THE DATA section start
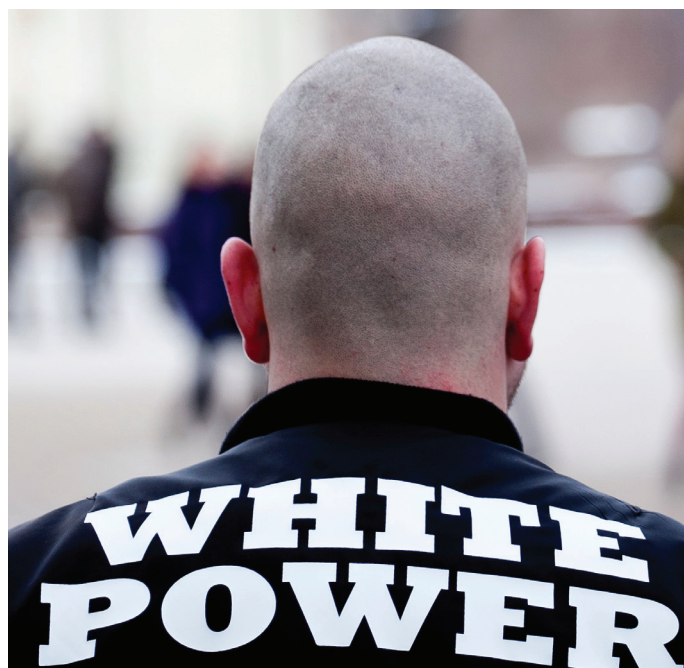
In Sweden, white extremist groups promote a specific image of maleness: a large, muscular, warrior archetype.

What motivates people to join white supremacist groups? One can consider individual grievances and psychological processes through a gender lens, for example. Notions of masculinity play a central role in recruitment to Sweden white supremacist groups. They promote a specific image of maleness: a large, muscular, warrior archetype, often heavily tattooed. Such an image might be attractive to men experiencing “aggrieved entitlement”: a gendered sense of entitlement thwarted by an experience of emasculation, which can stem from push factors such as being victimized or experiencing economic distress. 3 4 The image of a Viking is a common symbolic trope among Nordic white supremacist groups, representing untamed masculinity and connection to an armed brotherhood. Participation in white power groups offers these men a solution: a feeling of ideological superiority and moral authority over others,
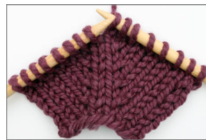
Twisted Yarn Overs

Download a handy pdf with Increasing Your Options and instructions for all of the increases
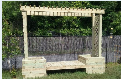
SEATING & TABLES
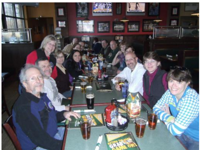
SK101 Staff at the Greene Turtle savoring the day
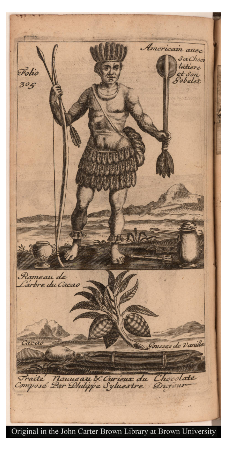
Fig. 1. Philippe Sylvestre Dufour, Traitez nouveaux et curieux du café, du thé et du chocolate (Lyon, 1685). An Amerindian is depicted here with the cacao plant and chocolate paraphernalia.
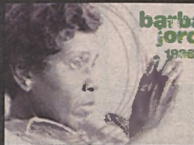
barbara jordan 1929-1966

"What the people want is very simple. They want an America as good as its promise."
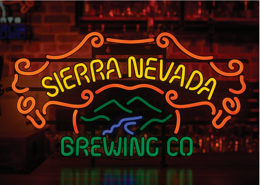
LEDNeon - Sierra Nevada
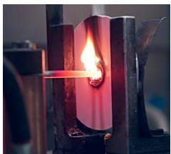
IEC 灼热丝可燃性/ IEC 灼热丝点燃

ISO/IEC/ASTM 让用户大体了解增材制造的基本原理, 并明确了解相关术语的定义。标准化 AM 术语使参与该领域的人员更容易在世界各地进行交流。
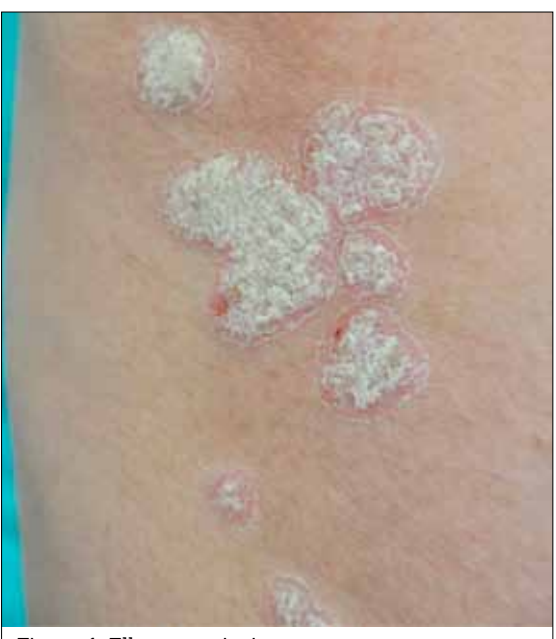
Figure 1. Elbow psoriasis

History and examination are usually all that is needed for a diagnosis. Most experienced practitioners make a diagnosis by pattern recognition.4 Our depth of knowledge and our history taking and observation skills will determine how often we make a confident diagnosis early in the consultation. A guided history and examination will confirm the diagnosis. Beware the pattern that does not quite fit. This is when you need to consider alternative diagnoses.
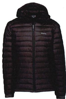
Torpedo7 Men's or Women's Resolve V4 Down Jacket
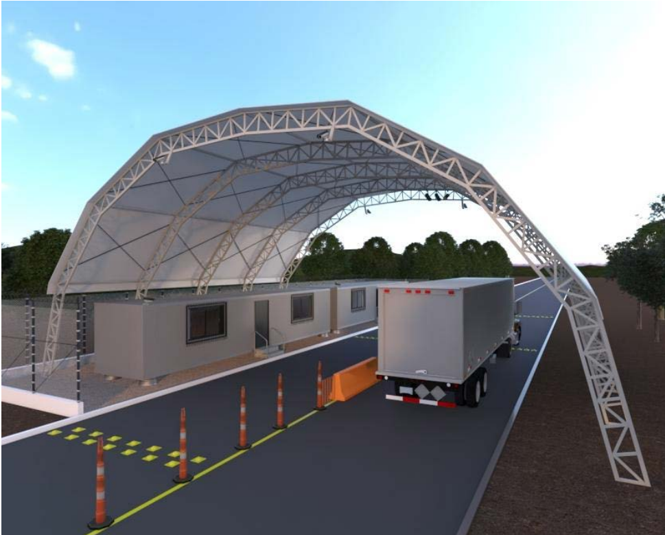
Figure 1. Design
THE DATA section end
*DESCRIPTION OF THE TASK*: Select and copy each line from the data that includes the word "often".

*PROBLEM SOLUTION*:
What motivates people to join white supremacist groups? One can consider individual grievances and psychological processes through a gender lens, for example. Notions of masculinity play a central role in recruitment to Sweden white supremacist groups. They promote a specific image of maleness: a large, muscular, warrior archetype, often heavily tattooed. Such an image might be attractive to men experiencing “aggrieved entitlement”: a gendered sense of entitlement thwarted by an experience of emasculation, which can stem from push factors such as being victimized or experiencing economic distress. 3 4 The image of a Viking is a common symbolic trope among Nordic white supremacist groups, representing untamed masculinity and connection to an armed brotherhood. Participation in white power groups offers these men a solution: a feeling of ideological superiority and moral authority over others,
History and examination are usually all that is needed for a diagnosis. Most experienced practitioners make a diagnosis by pattern recognition.4 Our depth of knowledge and our history taking and observation skills will determine how often we make a confident diagnosis early in the consultation. A guided history and examination will confirm the diagnosis. Beware the pattern that does not quite fit. This is when you need to consider alternative diagnoses.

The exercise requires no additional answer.